"I just also think that it ended the development of Hellenic culture, since there were no longer city-states to fight for prestige by housing great thinkers."
I disagree - You had competition from Bactria, the Ptolemaic kingdom, Attalid, the Antigonid. Cities like Pergamum, Alexandria, Damascus, Antioch, etc, all flourishing. I mean Alexandria alone negates the view that Greek cities were no longer capable of producing great cultural achievement.
As for housing great thinkers and schools - you had Diogenes and his Stoics; the Skeptic and Epicurean schools. I think Greek culture was developing quite progressively. Indeed, it was this hotbed of ideas that was able to produce Christianity (which I think is a blend of Stoic & Cynic philosophy, mostly Stoic). You had Euclid, Eratosthenes, Herophilos, etc.
"they did not only translate Greek texts, they did not repress Greek ideas and they did build off of them."
How can this be said. Look at the case of Avarroes, one of the philosophers that the Islamic Golden Age people like to hold up as the exemplar of Islamic achievement? He was banished and his works were burned. He had no school. Most of the examples of 'great Muslim scholars' were non-Muslims who lived in Muslim lands. For example, Constantine of Carthage, who translated Greek medical texts into Arabic & Latin. Or Moses Maimonides, also not a Muslim. And most of what was done was transmission of work from other civilizations to the West, not original contribution.
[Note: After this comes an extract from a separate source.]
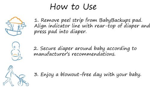 BabyBackups stop up-the-back diaper blowouts, period! Anyone who has experienced a diaper blowout knows how awful it is to deal with, especially if it happens in the car or a public place. Cleanup may be as simple as changing your precious little one's diaper and clothes, or as extensive as buying a new outfit and steam cleaning everything around the epicenter of the incident. Either way, it's unpleasant and something that should be avoided if at all possible. BabyBackups are the best solution for keeping your number one priority's "number two" exactly where it should be. While other products trap the mess between the baby's skin and the product, BabyBackups eliminate messy cleanups and embarrassing situations by keeping liquid where it belongs, in the diaper. BabyBackups are a hypoallergenic pad that can be used with any diaper brand, fitting snugly between the waistband of the diaper and the baby's back. Simply peel off the adhesive strip cover, press the pad into the diaper, and secure the diaper around the baby. BabyBackups even include a blue alignment line to help ensure they are placed quickly and effectively to contain blowouts each and every time. Use them on your newborn up through 12 months old. Whether at home or on the go, protect against diaper blowouts with BabyBackups. Buy 2 or more and get 20% off your order! When is the best time to use BabyBackups? Whenever you need peace of mind. Maybe when you're taking a flight to see some friends and don't want to have to deal with a messy outfit change on the plane. Or maybe for your daughter's baptism when she's wearing that beautiful white dress. Or it could be on that long car ride - because cleaning a car seat is not fun. Or it might simply be when you lay your little guy down at night so that you're not waking up to a crib full of poo. You barely sleep as it is, make life a little easier on yourself and use BabyBackups.Feature

But the Muslims get the credit nonetheless, for example in their transmission of Hindu numerals. Other work was of a speculative nature than the Muslim rulers never bothered to apply.
Considering their supremacy on the world-stage for a good 4 or so centuries, and their inheritance of all of this vast knowledge from the Hindu and Greek civilizations, it is remarkable how little that was new was produced.